While the embassy is still on its way, 2017 brought Jerusalem one clearly American emblem: the cheeseburger. Since opening its doors in January of this year, the aptly named Crave has been serving the local clientele a variety of dishes well-known to the American eater: In addition to the cheesy Craveburger, the menu includes burritos bursting with meats and vegetables, grilled sliders, Philly-style steak and cheese nachos, a tall Reuben sandwich and much more. The Nachos Grande appetizer in particular reads like the ultimate guilty pleasure: bacon, jalapenos, cheese, and sour cream, mingling in corn tortillas. How, one wonders, can you serve a juicy cheeseburger and still keep your restaurant kosher? At Crave, the new fast-casual restaurant by American chef Todd Aarons, the union is made possible thanks to a a couple of twists no one saw coming: vegan cheese and lamb bacon.
Aarons, who opened the restaurant with two business partners from the tech and dining worlds, lists a number of fine dining and casual American restaurants in his resume, some of them with a kosher angle. He grew up in California, worked as an apprentice at San Francisco’s famous Zuni Cafe, opened a kosher restaurant, Mosaica, in New Jersey, and, before moving to Israel, established and led Tierra Sur, the lauded kosher restaurant at Herzog Wine Cellars, a Jewish-owned winery in Oxnard, California. Being kosher in Jerusalem, however, is a different story. In Israel, and the Israeli capital in particular, restaurant kashrut is a dividing topic under the umbrella of governmental supervision; restaurants which operate with a certified kashrut stamp receive it from the Israeli Chief Rabbinate through a lengthy process. Restaurants that opt out risk never seeing kashrut-keepers inside their walls, and while in cosmopolitan Tel Aviv the non-kosher is norm, in religiously-skewed Jerusalem, restaurants serving seafood, pork, and meat and dairy combinations are a minority.

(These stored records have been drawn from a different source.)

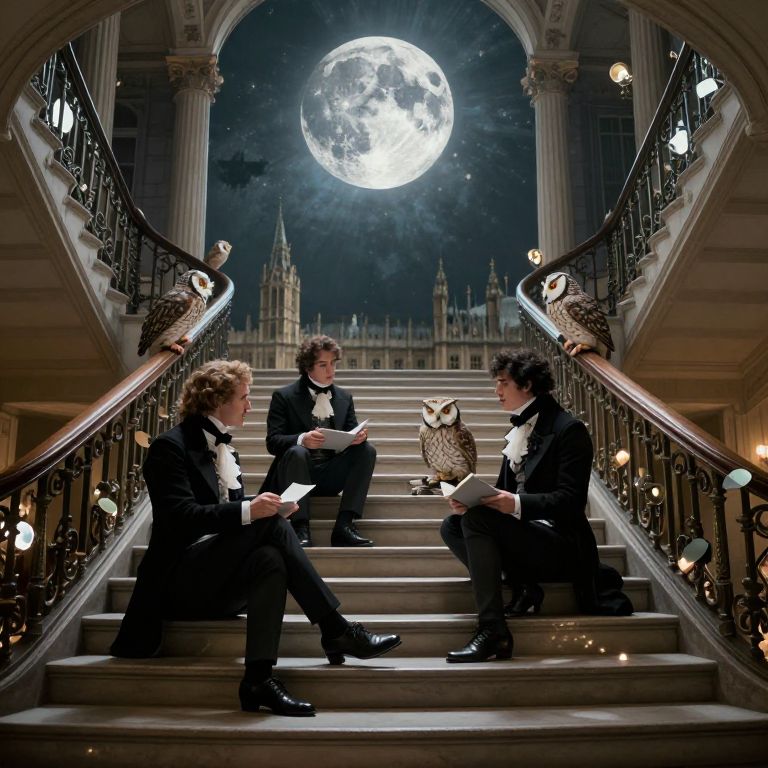Photograph-style digital illustration of four elegantly dressed individuals in black formal attire seated on grand, arched staircase steps at night. A full moon shines brightly in the dark sky above, illuminating a distant Gothic-style castle. Two large owls perch on the iron railings on either side of the staircase. The individuals, with varying hairstyles and genders, engage in conversation, holding papers. Soft, warm light bulbs are embedded in the railings, adding a subtle glow. The scene exudes a mysterious, Gothic ambiance with intricate architectural details and a magical, nighttime atmosphere.
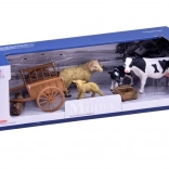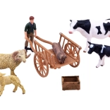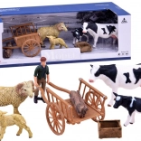 Sæt med bondegårdsfigurer – ko, kalv, vædder, får og landmand med dyreindhegning – C
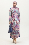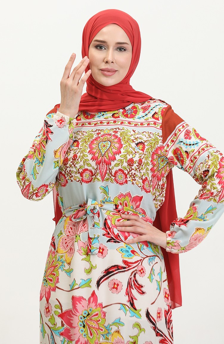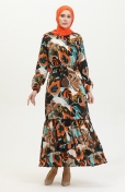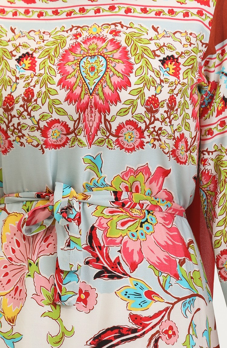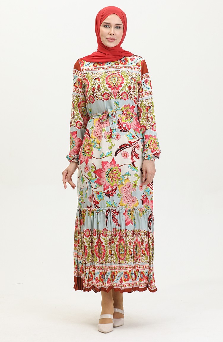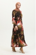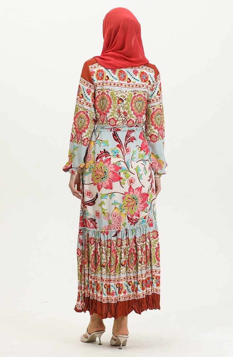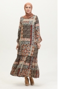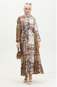 Alisa Flounced Belted Viscose Dress 4599H-01 Khaki Rose 4599H-01
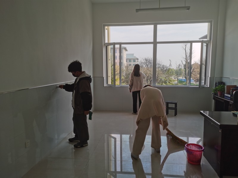 在学生干部的有序组织下,大家纷纷行动起来:抹桌、擦窗、扫地、消毒、搬运垃圾……一项项工作分工明确,有条不紊的进行着。大家干劲满满,欢声笑语不断。
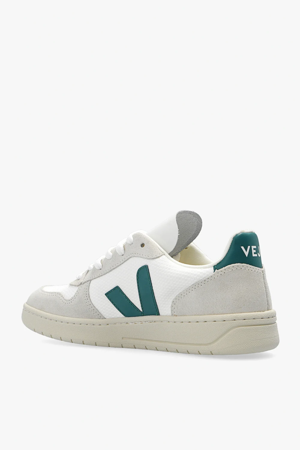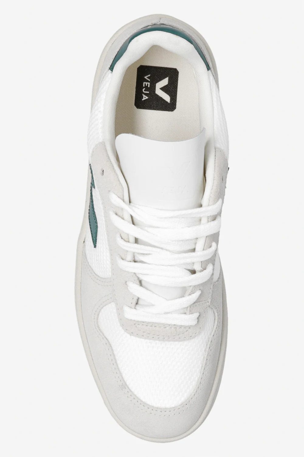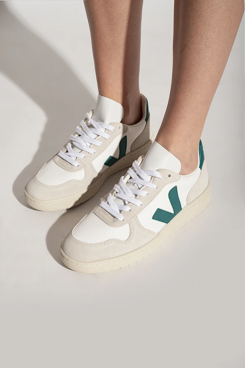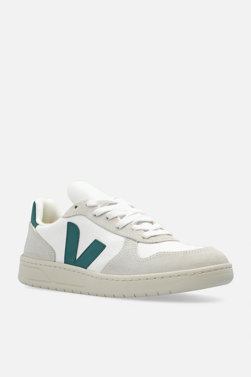 Biało-szare, sznurowane buty sportowe, model 'V-10 B-Mesh' Veja. Wykonane z nubuku, skóry i siatki (100% poliester z recyklingu). Na języku wytłoczone logo. Charakterystyczna dla marki naszywka w kolorze zielonym wykonana z gumy oraz odpadów ryżowych. Sznurówki wykonane z organicznej bawełny. Warstwa wewnętrzna o specjalnej, siateczkowej strukturze wykonana z materiału pochodzącego z recyklingu – cechuje się wyjątkową odpornością na tarcie. Wkładka wykonana z trzciny cukrowej, gumy Amazon, bawełny organicznej i pochodzącej z recyklingu pianki EVA. Kremowa podeszwa wykonana z gumy amazońskiej, odpadów ryżowych i gumy z recyklingu.

While some Israeli chefs, like the molecular-cuisine pioneer Meir Adoni, have recently declared kosher dining as the future of Israel and moved away from “forbidden” products altogether, Aarons decided to marry the prohibited with the decadent.

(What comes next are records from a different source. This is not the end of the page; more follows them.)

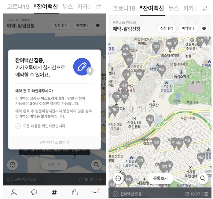 우리나라에서 가장 많이 쓰는 메신저가 바로 카카오톡입니다. 현재 카카오은 네이버에 버금갈 정도로 엄청난 성장을 했고 우리나라의 인프라 확충에 굉장히 큰 도움을 주는 기업입니다. 이러한 카카오톡에서도 잔여백신 예약이 가능합니다. 카카오톡은 스마트폰 어플리케이션을 통해 이용이 가능합니다. 아래의 순서에 따라서 진행하시면 잔여백신 예약을 하실수 있습니다.
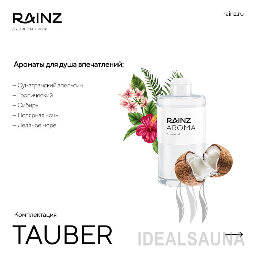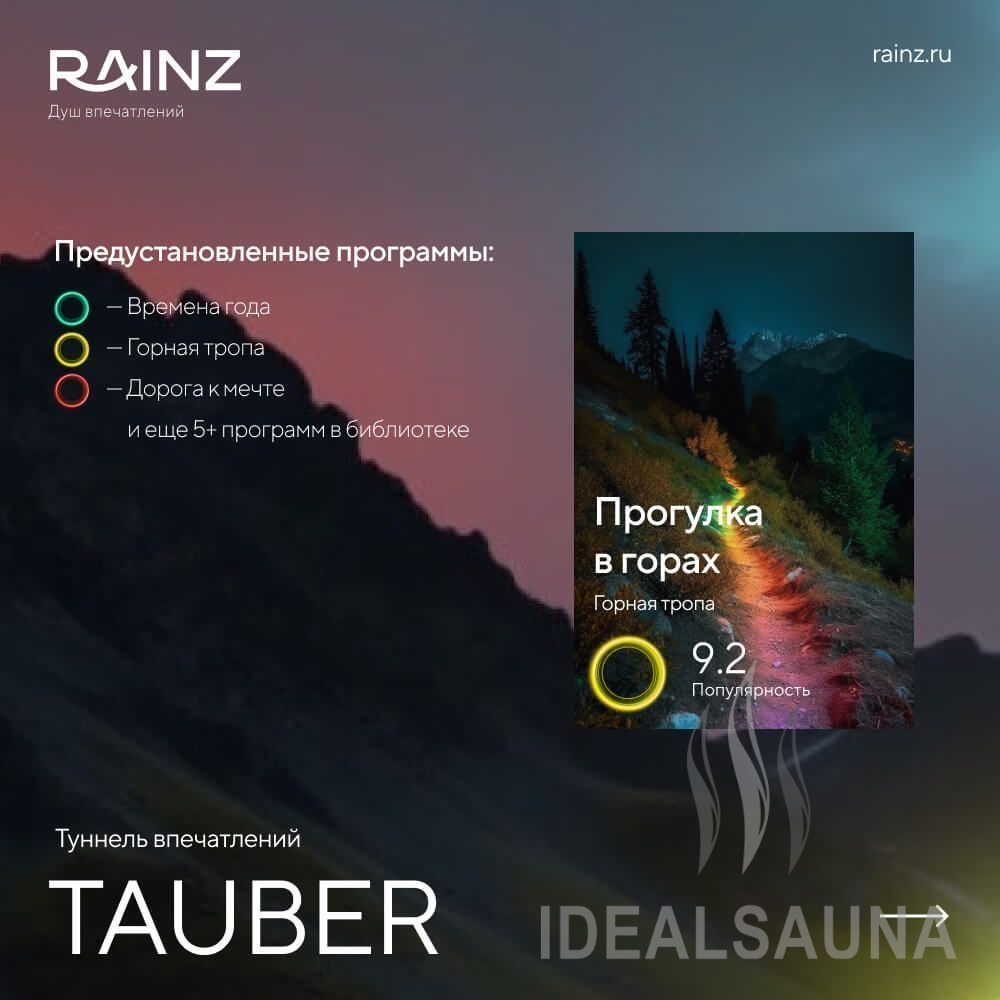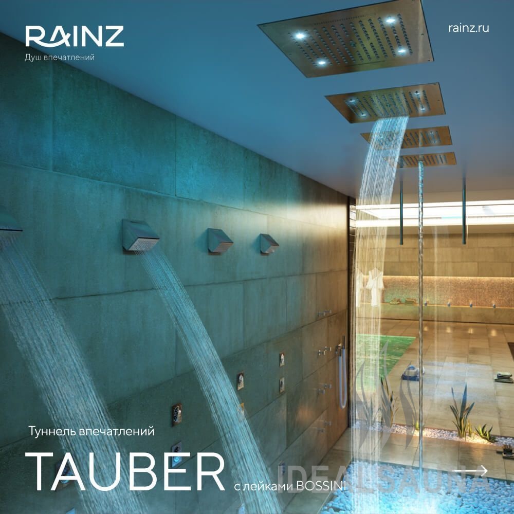 Добавьте движения к водным процедурам, а программы впечатлений RAINZ наполнят туннель эмоциями. Туннель впечатлений RAINZ TAUBER – это путешествие в грезы и мечты! Каждый шаг будет переносить вас в новые климатические и визуальные впечатления. Освещение сменяется в ритме движения, подчеркивая активную зону и помогая погрузиться в атмосферу.
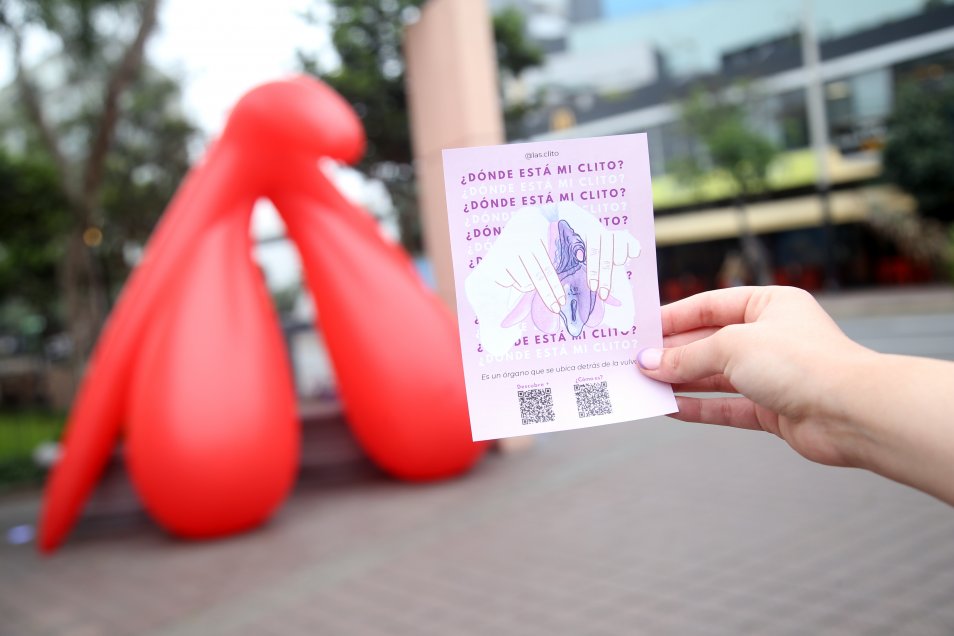 El colectivo Las Clito y sexólogas chilenas instalaron un clítoris inflable de tres mestros -obra de la artista francesa Julia Pietri- en el Óvalo de Miraflores, en Lima, para visibilizar "el derecho al placer".
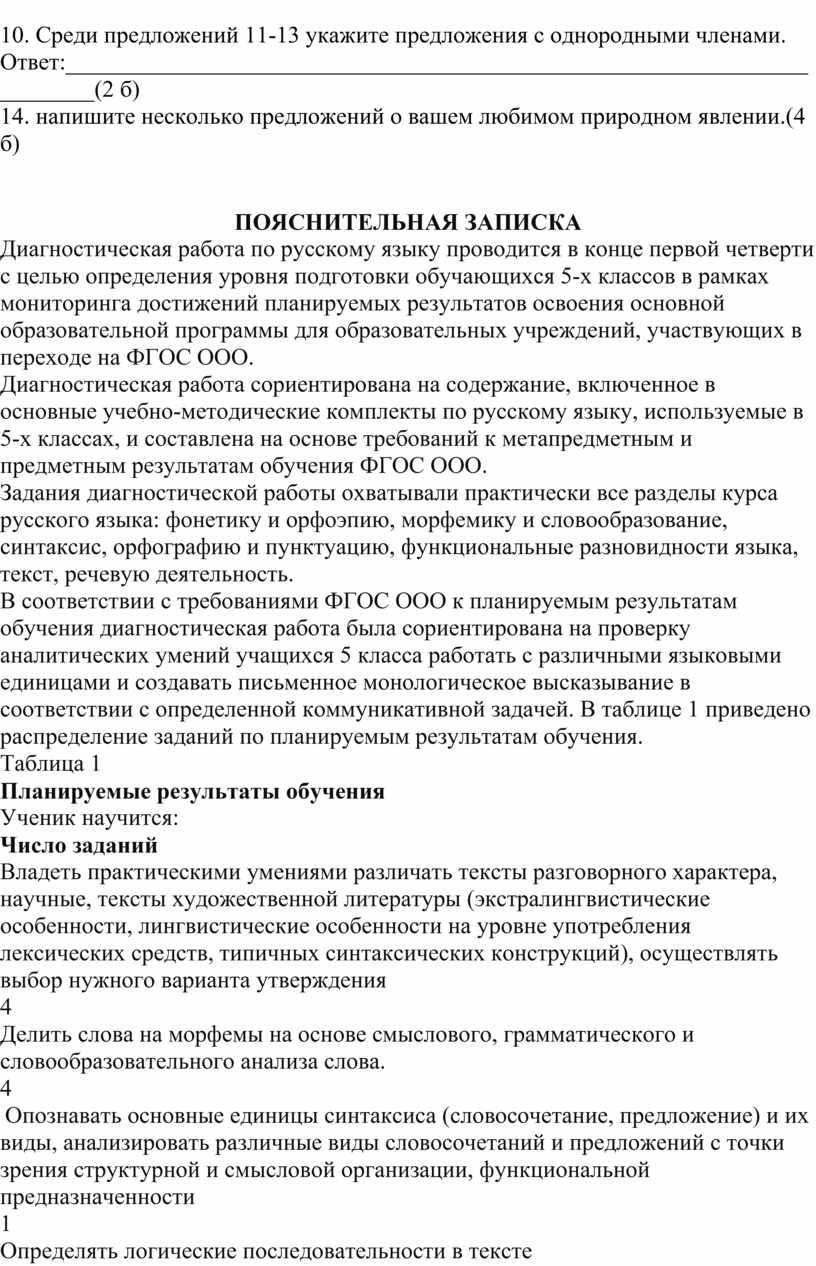 В соответствии с требованиями ФГОС ООО к планируемым результатам обучения диагностическая работа была сориентирована на проверку аналитических умений учащихся 5 класса работать с различными языковыми единицами и создавать письменное монологическое высказывание в соответствии с определенной коммуникативной задачей. В таблице 1 приведено распределение заданий по планируемым результатам обучения.

“We use our kashrut as a jumping board rather than a limitation,” Crave’s sous chef Yotam Cohen told the website Mako soon after the opening. “We’re not afraid to compare our food to non-kosher versions.” The vegan cheese, in the form of cheddar and mozzarella, and the vegan cream, all of which make several appearances throughout the menu, are made in-house from coconut oil. The lamb bacon is also prepared by the restaurant, and added to dishes like the rich “butcher” steak sandwich and the quesadilla. “This is a first, and it works,” gushed the hard-to-please Haaretz restaurant critic, Sagi Cohen, upon visiting.

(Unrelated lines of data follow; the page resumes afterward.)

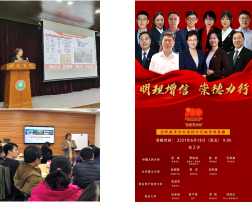 依托pg国际电子网站的人才培养体系和特色,传承师道文化,营造尊师重教的师德师风是薛庆名师工作室的重要责任与使命。薛庆教授先后受邀参加了我校信息与电子学院思政建设党课活动、前沿交叉科学研究院思政大讲堂等系列活动,面向我校外国语学院、化学与化工学院、研究生院等作《立德树人视域下教师素养提升》等专题讲座,积极分享课程思政经验,帮助青年教师传承红色基因,将人生发展目标与强国使命紧密结合起来,实现育师与育人深度融合。通过教师发展中心第81期“鸿鹄学堂”讲座,帮助教师解决教学能力提升和职业生涯发展中遇到的问题和困惑。在教育部庆祝建党百年高校示范微党课活动中,薛庆教授作为教师党员代表主讲了pg国际电子网站《传承红色基因 坚定走好“红色育人路”》一课,并在北京地区高校课程思政研讨会发表主题发言。目前,工作室成员已深入开展课程思政建设工作,在宣传部的支持与配合下,由工作室14位教师共同完成了课程思政素材库录制。
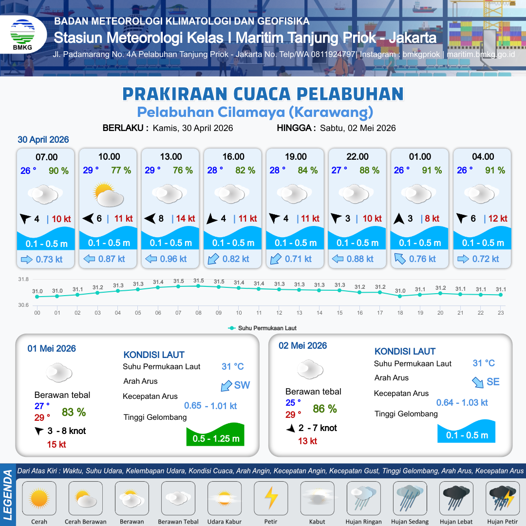 29 Apr 26, 09.00 2 jam kedepan | Timur Laut 8 kt Gust Peningkatan kecepatan angin yang singkat dan tiba-tiba : 13 kt | 0.5 m Rendah | Barat 0.8 Knot | 10 km | 30 °C | 73 % | -0.13 m | |
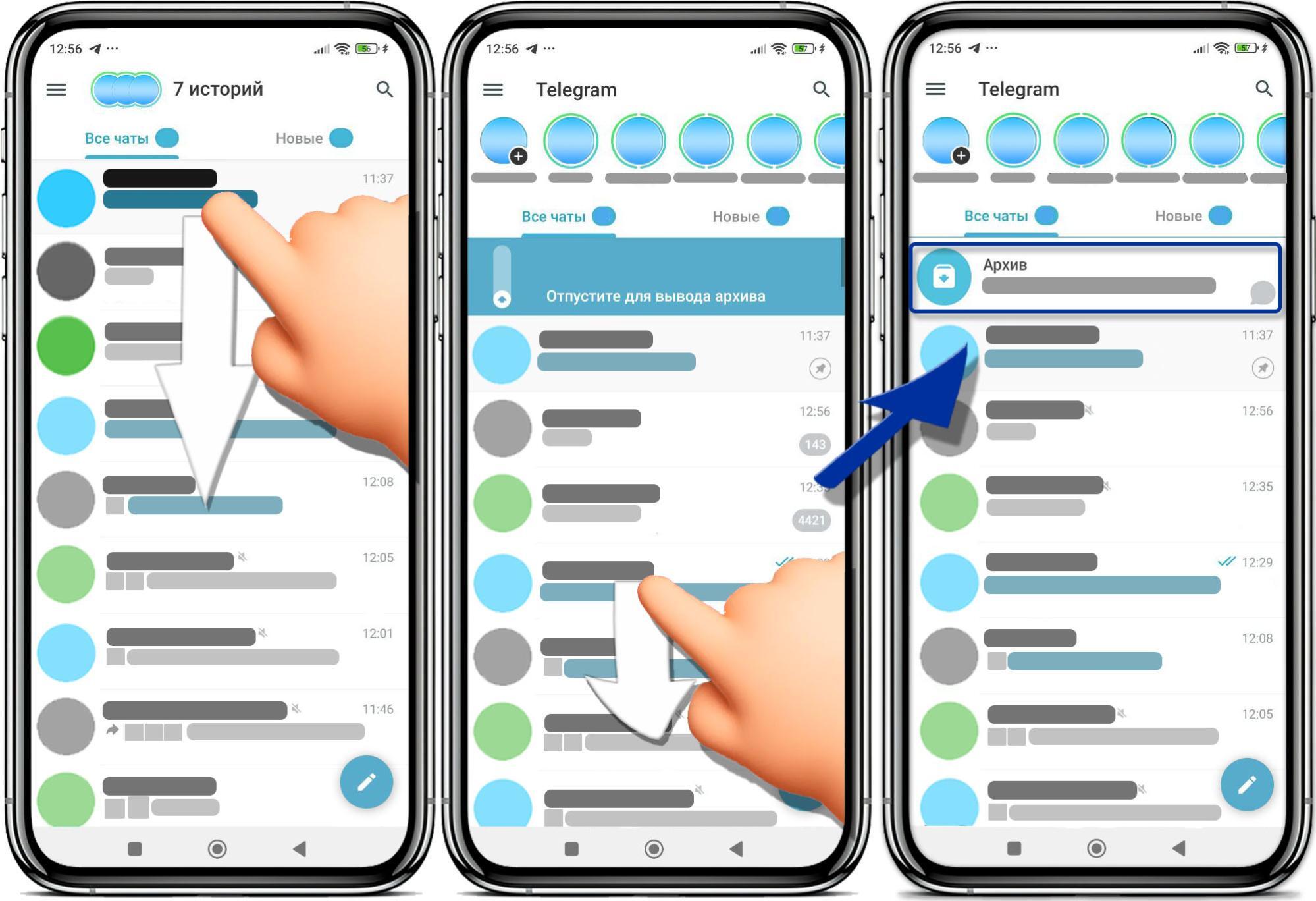 Чтобы найти архив в мобильном приложении, потяните список чатов вниз, пока вверху не появится папка «Архив».

He’s not wrong. Among completely kosher eateries, the odd kosher fine dining restaurant and the anything-goes epicurean establishments synonymous with the Tel Avivian food scene, Crave is carving a niche of its own, riding a number of trend waves at once. In addition to pioneering the gourmet-casual scene in the country, mixing sous-vide and meticulous prep with street food sensibilities, it successfully implements the American diner wave, which already brought Israel places like America, a large format Mexican taqueria-meets-hamburger joint in central Tel Aviv; the vegan wave, utilizing clever cheesemaking techniques; and the unstoppable kosher wave, which has been on the radars of many leading Israeli chefs in recent years, as the Orthodox representation in the Israeli government remains strong.
And there’s something else about Crave which is deeply trendy-American: There are no reservations. Only a restaurant that confidently knows people will be lining up for its fare can pull this one off.
Flora Tsapovsky is a San Francisco-based food and culture writer.